Supplied material:
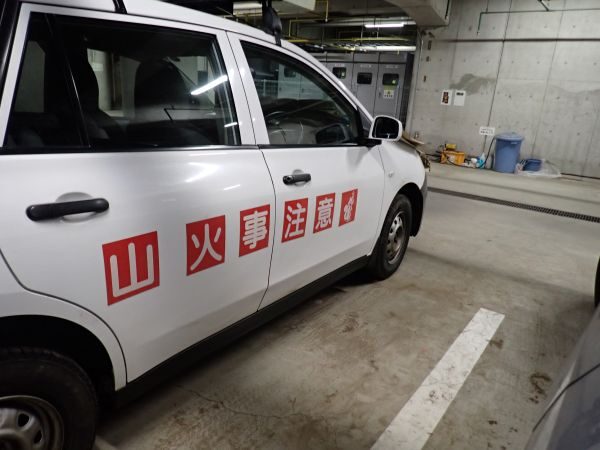 ・駅、市役所、学校や登山口などに写真1のようなのぼり旗を掲示するほか、テレビ、ラジオ、インターネット等の各種広報媒体や以下の写真2のような公用車で、パトロールを行いつつ、備え付けのスピーカーから山火事予防の啓発音声を流すことを通じて地域住民や入山者等に対し、山火事予防意識の高揚を図る
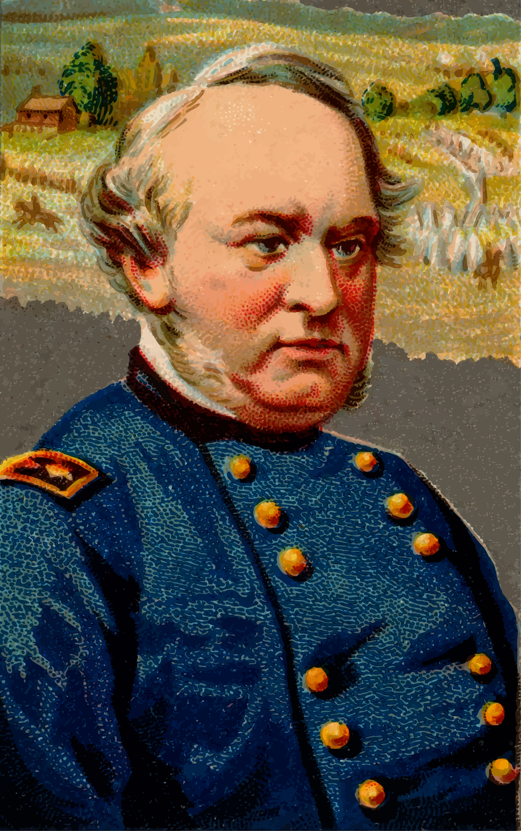 This features a man dressed in military attire, wearing a blue uniform with gold buttons. He is staring directly at the camera, giving off an intense and serious vibe. The man appears to be of older age, possibly a general or a high-ranking officer. In the background, there are several sheep scattered around, adding a touch of nature to the scene. Overall, the image captures a moment in time with a strong sense of authority and leadership.
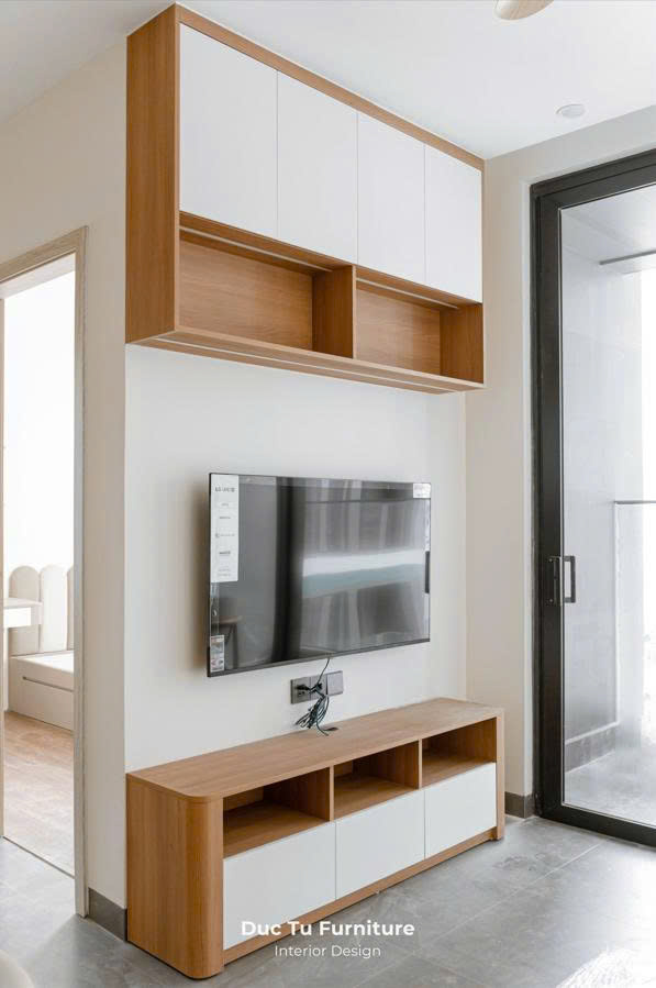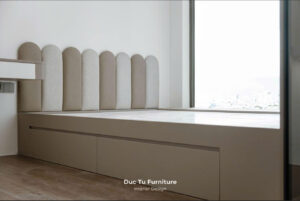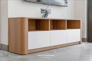 Thay vì sử dụng những đường nét thẳng, thô kệch. Đức Tú Furniture đã khéo léo áp dụng các chi tiết nội thất bo góc mềm mại cho hệ tivi và tủ trang trí. Những đường cong này giúp không gian trở nên thanh thoát, uyển chuyển. Mà còn đảm bảo sự an toàn cho các thành viên gia đình trong quá trình sinh hoạt.

Work to be completed: Write out the material above once more, word for word. Images stay out.

Answer to this problem:
 ・駅、市役所、学校や登山口などに写真1のようなのぼり旗を掲示するほか、テレビ、ラジオ、インターネット等の各種広報媒体や以下の写真2のような公用車で、パトロールを行いつつ、備え付けのスピーカーから山火事予防の啓発音声を流すことを通じて地域住民や入山者等に対し、山火事予防意識の高揚を図る
 This features a man dressed in military attire, wearing a blue uniform with gold buttons. He is staring directly at the camera, giving off an intense and serious vibe. The man appears to be of older age, possibly a general or a high-ranking officer. In the background, there are several sheep scattered around, adding a touch of nature to the scene. Overall, the image captures a moment in time with a strong sense of authority and leadership.
 Thay vì sử dụng những đường nét thẳng, thô kệch. Đức Tú Furniture đã khéo léo áp dụng các chi tiết nội thất bo góc mềm mại cho hệ tivi và tủ trang trí. Những đường cong này giúp không gian trở nên thanh thoát, uyển chuyển. Mà còn đảm bảo sự an toàn cho các thành viên gia đình trong quá trình sinh hoạt.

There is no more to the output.